AWS Morning Brief

Whiteboard Confessional: The Day IBM Cloud Dissipated


Listen Later

About Corey Quinn

Over the course of my career, I’ve worn many different hats in the tech world: systems administrator, systems engineer, director of technical operations, and director of DevOps, to name a few. Today, I’m a cloud economist at The Duckbill Group, the author of the weekly Last Week in AWS newsletter, and the host of two podcasts: Screaming in the Cloud and, you guessed it, AWS Morning Brief, which you’re about to listen to.

Links

  • CHAOSSEARCH
  • @QuinnyPig


Transcript


Corey: Welcome to AWS Morning Brief: Whiteboard Confessional. I’m Cloud Economist Corey Quinn. This weekly show exposes the semi-polite lie that is whiteboard architecture diagrams. You see, a child can draw a whiteboard architecture, but the real world is a mess. We discuss the hilariously bad decisions that make it into shipping products, the unfortunate hacks the real-world forces us to build, and that the best to call your staging environment is “theory”. Because invariably whatever you’ve built works in the theory, but not in production. Let’s get to it.



This episode is sponsored in part by ParkMyCloud, fellow worshipers at the altar of turned out [BLEEP] off. ParkMyCloud makes it easy for you to ensure you're using public cloud like the utility it's meant to be. just like water and electricity, You pay for most cloud resources when they're turned on, whether or not you're using them. Just like water and electricity, keep them away from the other computers. Use ParkMyCloud to automatically identify and eliminate wasted cloud spend from idle, oversized, and unnecessary resources. It's easy to use and start reducing your cloud bills. get started for free at parkmycloud.com/screaming.



Welcome to the AWS Morning Brief’s Whiteboard Confessional series. I am Cloud Economist Corey Quinn, and today's topic is going to be slightly challenging to talk about. One of the core tenants that we've always had around technology companies and working with SRE, or operations-type organizations is, full stop, you do not make fun of other people's downtime because today it's their downtime, and tomorrow it's yours. It's important. That's why we see the hashtag #HugOps on Twitter start to—well, not trend. It's not that well known but definitely happens fairly frequently when there's a well-publicized multi-hour outage that affects a company that people are familiar with. 

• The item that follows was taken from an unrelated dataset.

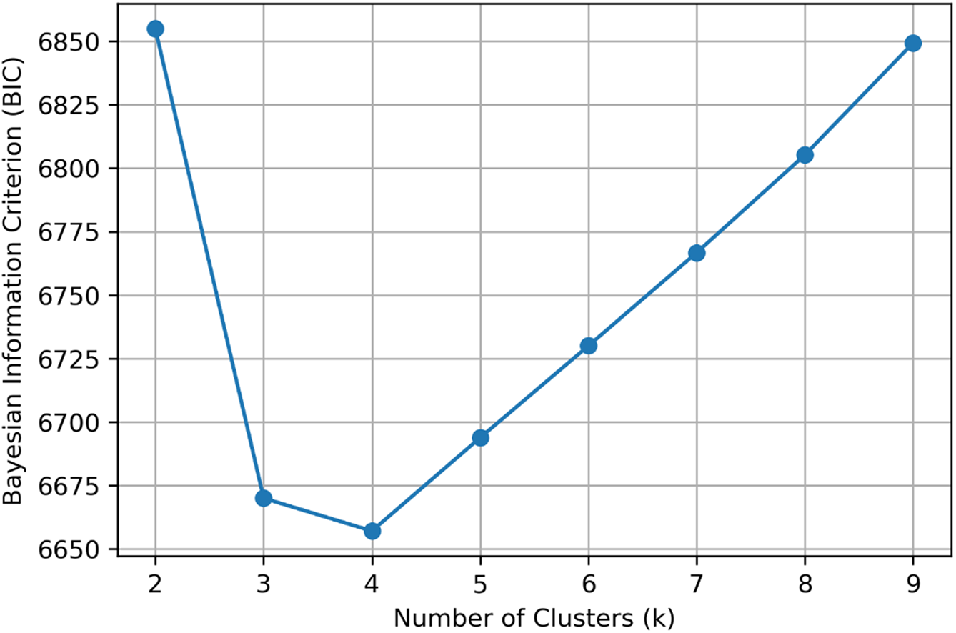 Following preprocessing, cluster validation techniques were applied to determine the optimal number of clusters. The Elbow Method was used to identify the point of diminishing returns in within-cluster variance, providing a visual guide for selecting an efficient number of clusters. The Silhouette Score quantified how well-separated the clusters were, ensuring good cohesion and separation. The Bayesian information criterion (BIC) was used specifically for the GMM to strike a balance between model fit and complexity. For FCM clustering, the fuzzy partition coefficient (FPC) was employed to evaluate the clarity of the fuzzy cluster assignments. These methods were selected because they are widely accepted for evaluating the quality of clustering across both hard and soft clustering models.29,34,35

So, what we're going to talk about is an outage that happened several weeks ago for IBM Cloud. I want to point out some failings on IBM’s part but this is in the quote-unquote, “Sober light of day.” They are not currently experiencing an outage. They've had ample time to make public statements about the cause of the outage. And I've had time to reflect a little bit on what message I want to carry forward, given that there are definitely lessons for the rest of us to learn. HugOps is important, but it only goes so far, and at some point, it's important to talk about the failings of large companies and their associated response to crises so the rest of us can learn. 



Now, I'm about to dunk on them fairly hard, but I stand by the position that I'm taking, and I hope that it's interpreted in the constructive spirit that I intend it to. For background, IBM Cloud is IBM's purported hyperscale cloud offering. It was effectively stitched together from a variety of different acquisitions, most notable among them SoftLayer. I've had multiple consulting clients who are customers of IBM Cloud over the past few years, and their experience has been, to put it politely, a mixed bag. In practice, the invective that they would lobby against it would be something worse. 



Now, a month ago, something strange happened to IBM Cloud. Specifically, it went down. I don't mean that a service started having problems in a region. That tends to happen to every cloud provider, and it's important that we don't wind up beating them up unnecessarily for these things. No, IBM Cloud went down. And when I say that IBM Cloud went down, I mean, the entire thing effectively went off the internet. Their status page stopped working, for example. Every resource that people had inside of IBM Cloud was reportedly down. And this was relatively unheard of in the world of global cloud providers. 



Azure and GCP don't have the same isolated network boundary per region that AWS has, but even in those cases, we tend to see far more frequently rolling outages rather than global outages affecting everything simultaneously. It's a bit uncommon. What's strange is that their status page was down. Every point of access you had into looking at what was going on with IBM Cloud was down. Their Twitter accounts fell silent, other than pre-scheduled promotional tweets that were set to go out. It looked for all the world like IBM had just decided to pack up early, turn everything off on the way out of the office, and enjoy the night off. 



That obviously isn't what happened, but it was notable in that there was no communication for the first hour or so of the outage, and this was causing people to go more than a little bonkers. One of the pieces that was interesting to me, while this was happening, since it was impossible to get data out of this for anything substantive or authoritative, was I pulled up their marketing site. Now, the marketing site still worked—apparently, it does not live on top of IBM Cloud—but it listed a lot of their marquee customers and case studies. I went through a quick sampling, and American Airlines was the only site that had a big outage notification on the front of it. Everything else seemed to be working. 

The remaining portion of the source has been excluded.